◆ **Try it**: Set the pictures aside and set down only the lines from the line holding "oktoberfest outfit, worn" through the end of the entries below, ends included.

◆ **Information**:
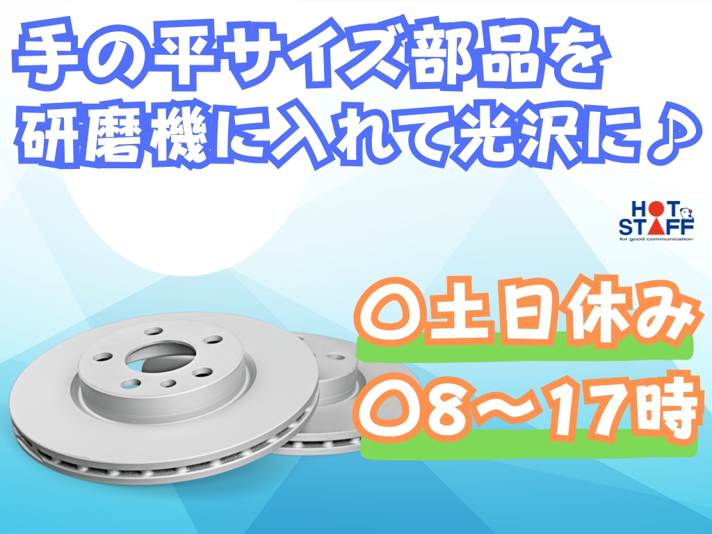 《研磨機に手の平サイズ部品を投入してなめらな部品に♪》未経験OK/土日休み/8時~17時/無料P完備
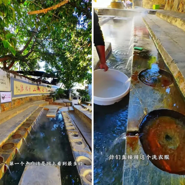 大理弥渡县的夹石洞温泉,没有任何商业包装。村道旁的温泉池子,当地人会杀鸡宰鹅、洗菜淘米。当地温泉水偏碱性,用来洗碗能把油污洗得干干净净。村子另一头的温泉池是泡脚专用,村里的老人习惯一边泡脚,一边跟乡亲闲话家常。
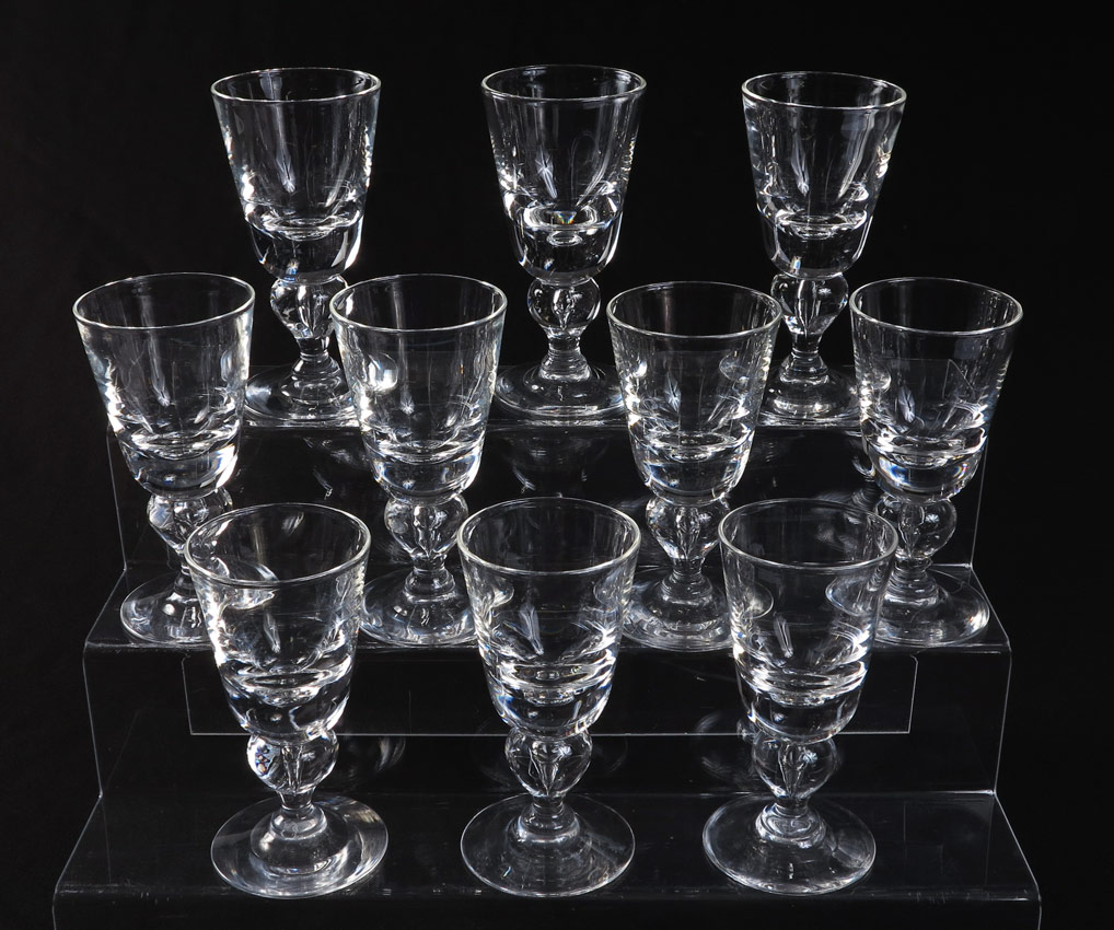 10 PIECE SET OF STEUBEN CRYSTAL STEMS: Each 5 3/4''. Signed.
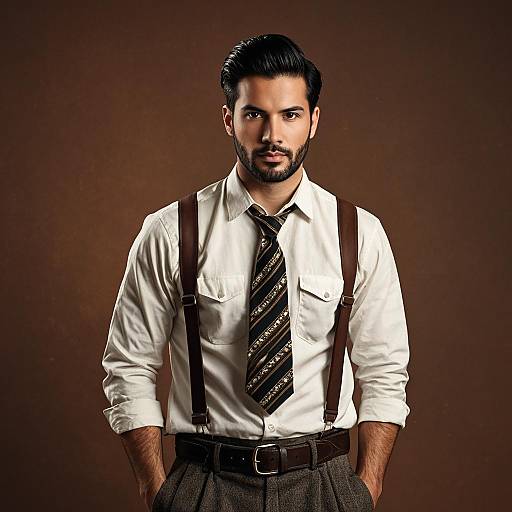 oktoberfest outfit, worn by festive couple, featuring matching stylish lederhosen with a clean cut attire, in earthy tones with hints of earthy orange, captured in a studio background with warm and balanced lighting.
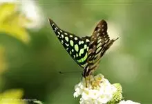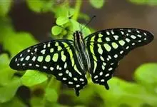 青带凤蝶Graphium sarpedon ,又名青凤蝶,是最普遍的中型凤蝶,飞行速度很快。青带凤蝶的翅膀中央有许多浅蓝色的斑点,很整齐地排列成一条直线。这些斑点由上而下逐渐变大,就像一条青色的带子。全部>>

◆ **Result of this task**:
 oktoberfest outfit, worn by festive couple, featuring matching stylish lederhosen with a clean cut attire, in earthy tones with hints of earthy orange, captured in a studio background with warm and balanced lighting.
 青带凤蝶Graphium sarpedon ,又名青凤蝶,是最普遍的中型凤蝶,飞行速度很快。青带凤蝶的翅膀中央有许多浅蓝色的斑点,很整齐地排列成一条直线。这些斑点由上而下逐渐变大,就像一条青色的带子。全部>>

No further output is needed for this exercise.